Today I learned that there’s granting permissions to a database and to a table for a user in PostgreSQL. I’ve been banging my head for about a week on an issue where a user didn’t have the appropriate rights and stumbled upon this, which did it for me.
Thank you to those that contributed on Stack Overflow. I’m hoping to pay it forward by writing this post to explain the issue in some detail and summarize my learnings.
Background: I’m building a todo app in clojure using the Om/Compojure/Ring/PostgreSQL stack as a learning project. I am also deploying this on DigitalOcean manually to learn what’s involved in deploying onto a VPS and setting up a CI/CD pipeline, you know, the whole shebang. At the time of this writing, I’ve built the backend web services for the app, following these specs and am in the process of setting it up on digital ocean.

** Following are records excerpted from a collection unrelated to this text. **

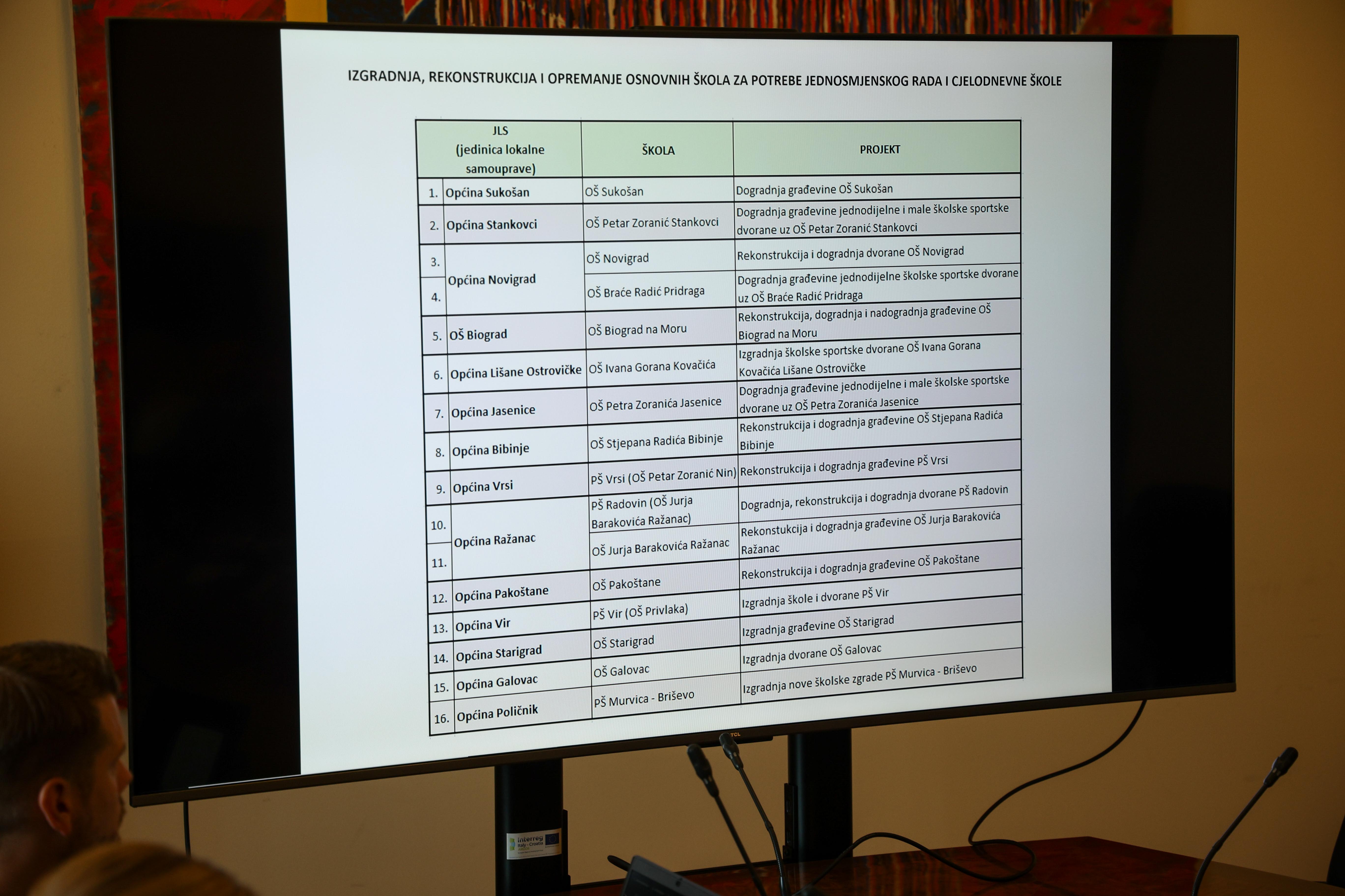Zadarska županija trenutno priprema prijavu 15 osnovnih škola na aktualni poziv za sufinanciranje iz NPOO-a. Rok za prijavu projekata je 30. rujna 2025. godine. Do sada je Županija dobila 14 suglasnosti Ministarstva znanosti i obrazovanja (MZOM) te prijavila četiri projekta. Od tih prijava, već su dobivene tri odluke o financiranju, a dva ugovora su već potpisana: za dogradnju Osnovne škole Sukošan i za dvoranu u Stankovcima. Pročelnik Šimunić je najavio da se sljedeći tjedan očekuje potpisivanje trećeg ugovora, za dogradnju OŠ Biograd. Četvrti zahtjev, koji je predan, odnosi se na izgradnju športske dvorane u Osnovnoj školi braće Radić - Pridraga.
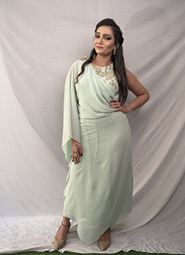 Rushed Bodice with Cowl Highlighted with Hand Embroidery
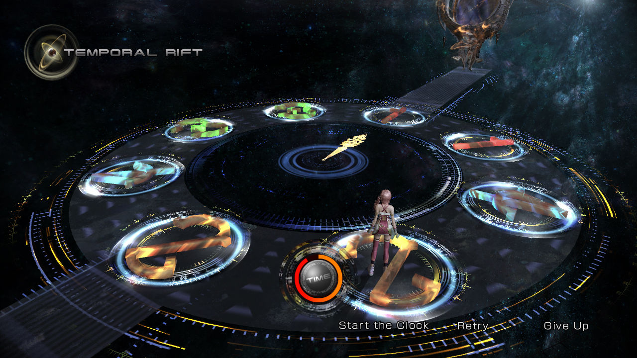 Das Schicksal dieser Welt gilt es in Final Fantasy XIII-2 abzuwenden, doch sicherlich werden bei euch jetzt die Alarmglocken klingeln. Zwar wäre der Versuch, den Sturz von Cocoon zu verhindern, über die Jahrhunderte zwar planbar, doch diese lange Zeitspanne wollen wir aber nicht warten. Da kommt es uns (und der Handlung) wie gerufen, dass plötzlich kreuz und quer über die Welt verstreut Portale auftauchen. Sobald wir bestimmte Artefakte gefunden haben, können wir diese Portale öffnen und durch die Zeit reisen. Das macht unser ganzes Abenteuer sehr viel abwechslungsreicher, als es der Vorgänger war. Zwar verläuft die wichtige Storyline wie ein roter Faden durch die verschiedenen Zeitepochen und unterschiedlichen Örtlichkeiten, doch wir stoßen gelegentlich auch auf Urartefakte, mit denen wir (meistens) optionale Portale öffnen können. So gelangen wir schon relativ früh im Spiel in den Sunleth-Auenwald, wo ein gefährlicher und gegebenenfalls für unsere Helden zu starker Kaiserpudding auf uns wartet. Sollten wir an dieser Stelle zu schwach für die Auseinandersetzung sein, verlassen wir diese Epoche einfach wieder und gelangen mit einem anderen Portal in eine andere Zeitlinie. Dieses System motiviert uns, quer durch die Zeit zu reisen und die unterschiedlichen Ereignisse zu erleben, welche die Welt von Cocoon und Grand Pulse dulden muss. Einige Spielstunden später und gut gewappnet kehren wir an den Ort des Geschehens zurück. Dieses Mal sind wir unserem Feind deutlich überlegen, doch nach dem Sieg regeneriert sich der Kaiserpudding.

The clojure app is deployed, but I got this error whenever I hit the /todos endpoint. I’m also using nginx as a reverse proxy.
ERROR: permission denied for relation todos
This was because www-data, the user used by nginx, did not have permissions to read from the todos table.
I had initially granted the user access to the database with
GRANT ALL PRIVILEGES ON DATABASE todos to "www-data";
This, however, only gave the user CREATE, CONNECT, TEMPORARY (or TEMP) privileges on the database.
The solution was to do
GRANT ALL PRIVILEGES ON ALL TABLES IN SCHEMA public TO "www-data";
Another learning for me is the public schema, SCHEMA public, which is just the default schema that all tables are added to unless one is specified.